Late last week, a UK court ruled in favor of SAP in the case of SAP UK v Diageo. This is a rare occasion where SAP has chosen to take its efforts to secure license fees for what is commonly termed ‘indirect access’ through the legal system. I spent the weekend digesting the text of the ruling, which I found remarkably lucid and devoid of mind numbing legalese.
In the analysis that follows, I will avoid much of the technical detail, sticking to a relatively simple way to explain the problem and what the judge in this case determined.

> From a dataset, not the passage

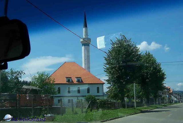 Eszékig nem volt semmi gond, a határon is simán átmentünk, meg se néztek bennünket. Az autópályára nem mentem fel, mert úgy gondoltam, hogy ráérünk, és az ára megmarad üzemanyagnak. Nem is lett volna ezzel semmi gond, hogy ha Nasice-nél nem lenne valami irtózatos nagy útépítés, ami majd 1 óra dugót jelentett a tűző napon. A másik gondunk meg Boszniában volt, mert a nálunk a mariskának becézett dzsípíesszes kütyü nem tudta, hogy a Cehici és Trzacska Rastela közötti határátkalő megszünt. Az út viszont nagyon szép tájakon vezetett keresztül. (A képen egy dzsámi Boszniában)

How does indirect access arise?
The ‘indirect access’ issue has been a running sore among SAP customers for some years. Essentially it boils down to this: SAP wants paying additional license fees where a third party system accesses data generated by SAP systems. This normally happens through a machine-to-machine interface but will likely mean that users who are not licensed by SAP on the originating system get access to data generated by the SAP system, albeit inside the third party system. To that extent, those additional users are not necessarily aware that they are accessing SAP data.
Diageo represents a fairly typical case where SAP systems generate data that is subsequently fed into Salesforce systems for the purpose of self service by customers rather than routing via SAP systems to Diageo call center agents.
In order to win, SAP had to show that the terms and conditions of the contract with Diageo contained language which allows SAP to make an additional charge. The judge ruled that is the case. Diageo for its part argued that the manner in which the data was transferred to Salesforce meant that the SAP enabling technology was acting as a ‘gatekeeper’ for the data rather than providing a means to access the data by additional users.